**Your assignment**. Given these entries, repeat exactly the lines starting with the one that has "Cette table pique" and going on through the one that has "Este elegante menú", both included, but none of the pictures.

**Provided records**.
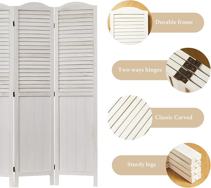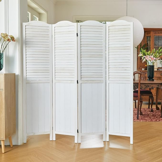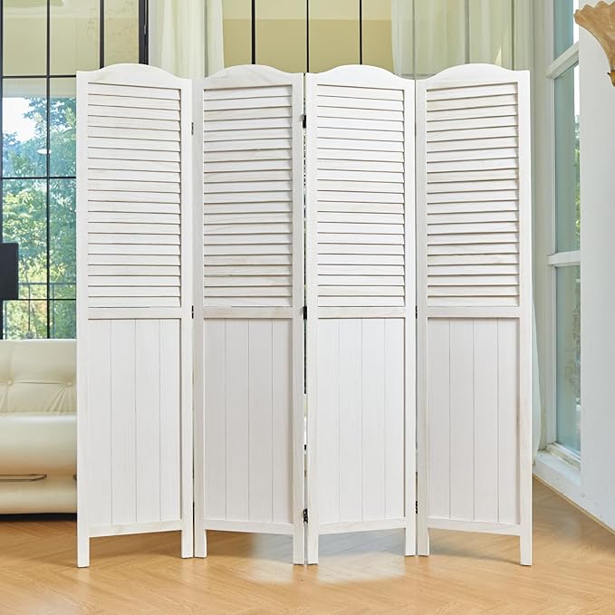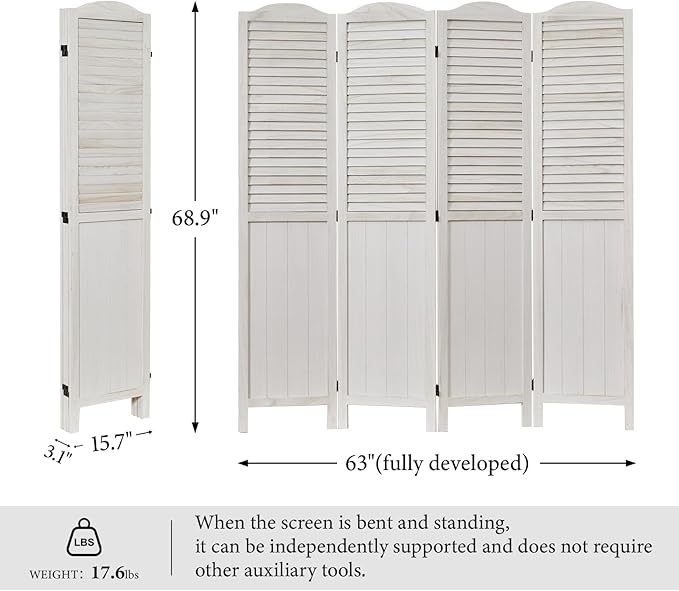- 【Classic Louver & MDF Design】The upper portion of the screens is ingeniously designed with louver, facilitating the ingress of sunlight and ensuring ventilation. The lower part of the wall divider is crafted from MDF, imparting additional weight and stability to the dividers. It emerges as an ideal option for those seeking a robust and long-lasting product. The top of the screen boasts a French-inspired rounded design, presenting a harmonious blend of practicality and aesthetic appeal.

---

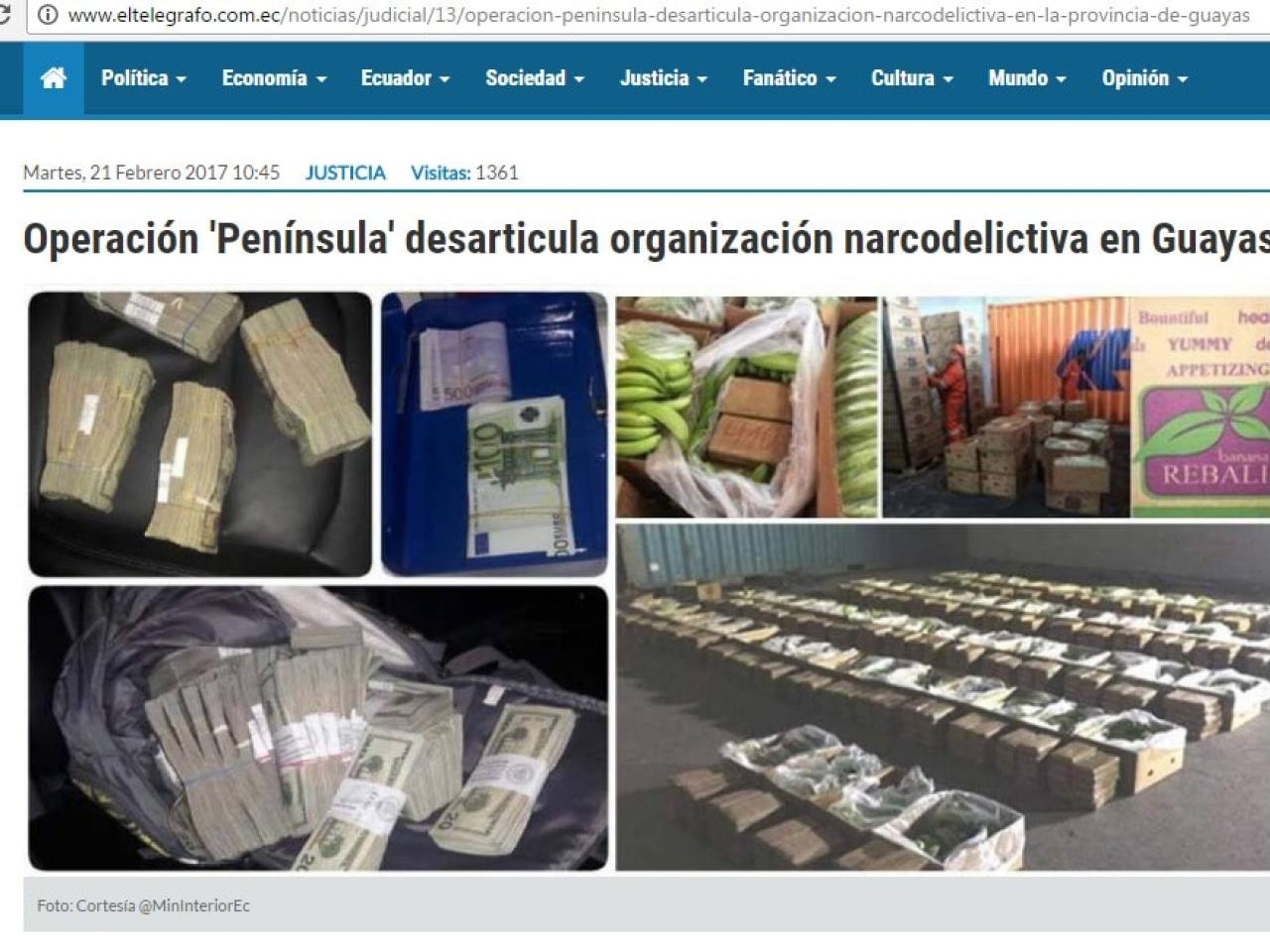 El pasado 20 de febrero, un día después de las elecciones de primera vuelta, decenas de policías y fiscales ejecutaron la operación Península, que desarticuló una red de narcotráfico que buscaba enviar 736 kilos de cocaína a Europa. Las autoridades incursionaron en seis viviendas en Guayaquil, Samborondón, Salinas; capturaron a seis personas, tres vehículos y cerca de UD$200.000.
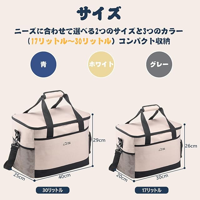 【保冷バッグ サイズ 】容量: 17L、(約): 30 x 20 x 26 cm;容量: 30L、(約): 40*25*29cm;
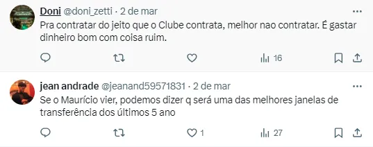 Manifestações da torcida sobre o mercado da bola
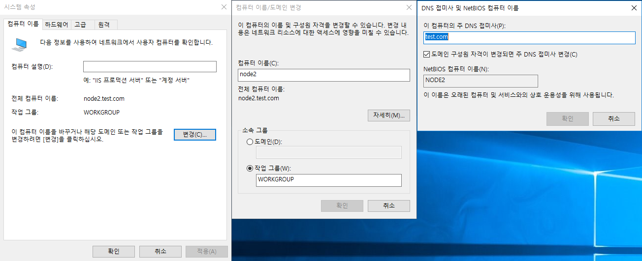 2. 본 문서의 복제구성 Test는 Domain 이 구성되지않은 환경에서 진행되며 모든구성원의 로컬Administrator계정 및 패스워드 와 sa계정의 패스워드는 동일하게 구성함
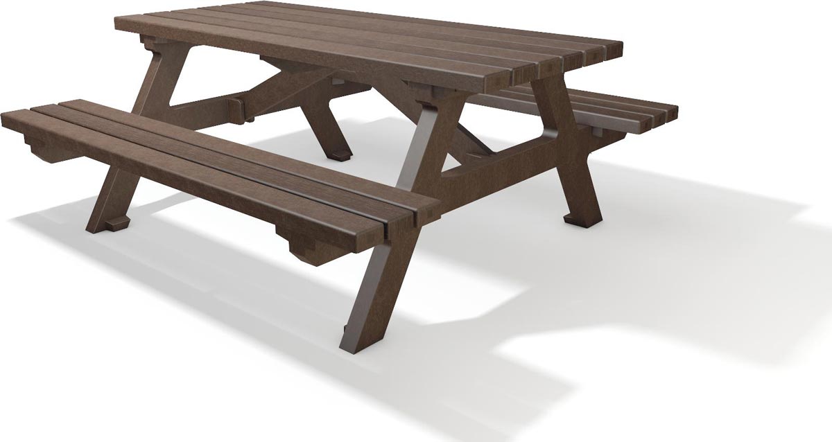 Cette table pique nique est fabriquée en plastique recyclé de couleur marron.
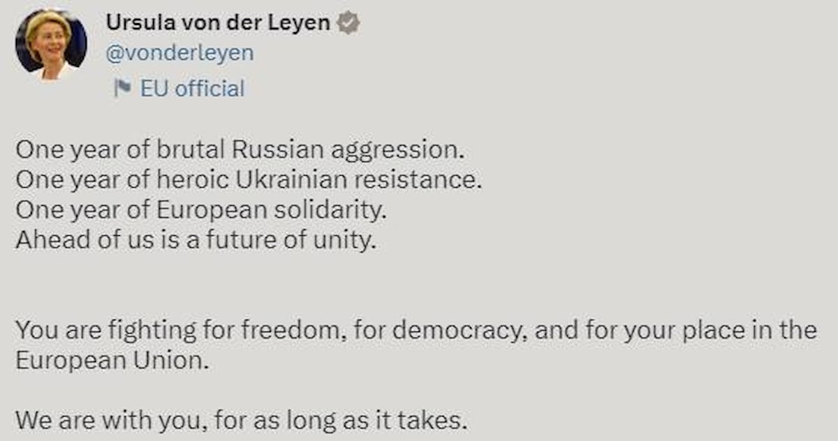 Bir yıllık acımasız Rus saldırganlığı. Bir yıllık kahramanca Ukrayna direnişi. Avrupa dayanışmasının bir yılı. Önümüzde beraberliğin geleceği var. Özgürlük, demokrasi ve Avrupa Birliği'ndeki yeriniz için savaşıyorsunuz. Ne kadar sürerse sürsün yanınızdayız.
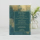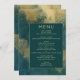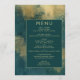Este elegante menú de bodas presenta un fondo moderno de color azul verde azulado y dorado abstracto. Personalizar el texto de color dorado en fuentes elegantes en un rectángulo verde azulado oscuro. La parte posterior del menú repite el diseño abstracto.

**Result below**.
 Cette table pique nique est fabriquée en plastique recyclé de couleur marron.
 Bir yıllık acımasız Rus saldırganlığı. Bir yıllık kahramanca Ukrayna direnişi. Avrupa dayanışmasının bir yılı. Önümüzde beraberliğin geleceği var. Özgürlük, demokrasi ve Avrupa Birliği'ndeki yeriniz için savaşıyorsunuz. Ne kadar sürerse sürsün yanınızdayız.
Este elegante menú de bodas presenta un fondo moderno de color azul verde azulado y dorado abstracto. Personalizar el texto de color dorado en fuentes elegantes en un rectángulo verde azulado oscuro. La parte posterior del menú repite el diseño abstracto.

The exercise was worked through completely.